Available records -
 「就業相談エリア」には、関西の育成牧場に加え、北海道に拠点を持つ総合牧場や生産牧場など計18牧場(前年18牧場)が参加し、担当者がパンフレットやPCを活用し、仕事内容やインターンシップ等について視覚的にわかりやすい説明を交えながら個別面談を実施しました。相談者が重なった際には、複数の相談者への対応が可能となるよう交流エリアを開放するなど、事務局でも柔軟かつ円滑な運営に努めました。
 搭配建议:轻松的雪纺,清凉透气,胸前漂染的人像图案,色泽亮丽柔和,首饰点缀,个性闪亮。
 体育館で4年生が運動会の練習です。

==

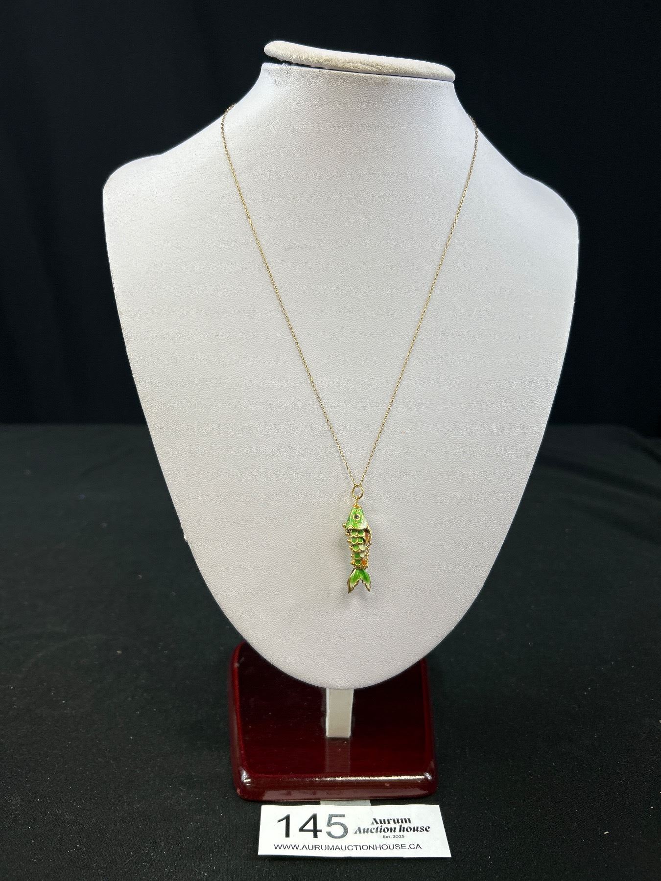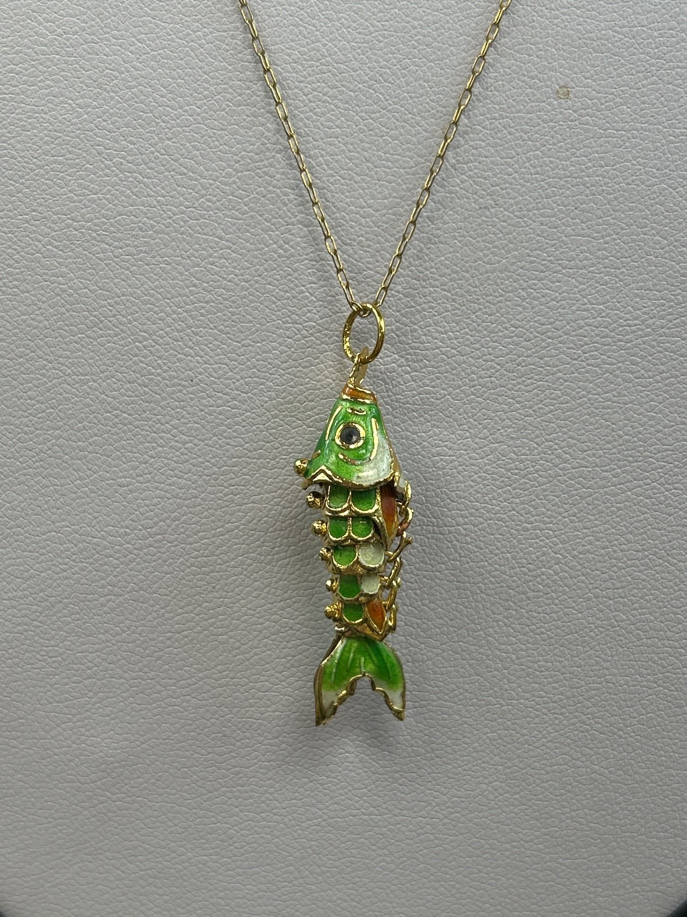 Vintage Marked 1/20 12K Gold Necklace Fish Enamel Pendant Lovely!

--

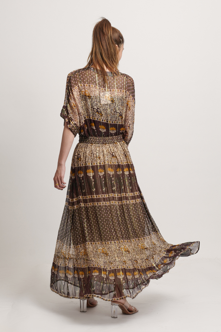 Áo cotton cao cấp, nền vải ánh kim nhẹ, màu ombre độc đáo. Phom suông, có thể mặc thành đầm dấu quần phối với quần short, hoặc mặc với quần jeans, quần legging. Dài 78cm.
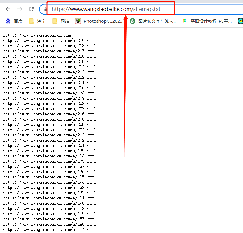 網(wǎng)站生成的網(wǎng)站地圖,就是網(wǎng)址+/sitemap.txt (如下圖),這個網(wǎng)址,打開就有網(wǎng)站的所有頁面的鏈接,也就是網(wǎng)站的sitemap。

What the task asks - The answer must be the lines above from the one containing "Áo cotton cao" through the one containing "網(wǎng)站生成的網(w", reproduced exactly, with no pictures and nothing else.

Output of the exercise -
 Áo cotton cao cấp, nền vải ánh kim nhẹ, màu ombre độc đáo. Phom suông, có thể mặc thành đầm dấu quần phối với quần short, hoặc mặc với quần jeans, quần legging. Dài 78cm.
 網(wǎng)站生成的網(wǎng)站地圖,就是網(wǎng)址+/sitemap.txt (如下圖),這個網(wǎng)址,打開就有網(wǎng)站的所有頁面的鏈接,也就是網(wǎng)站的sitemap。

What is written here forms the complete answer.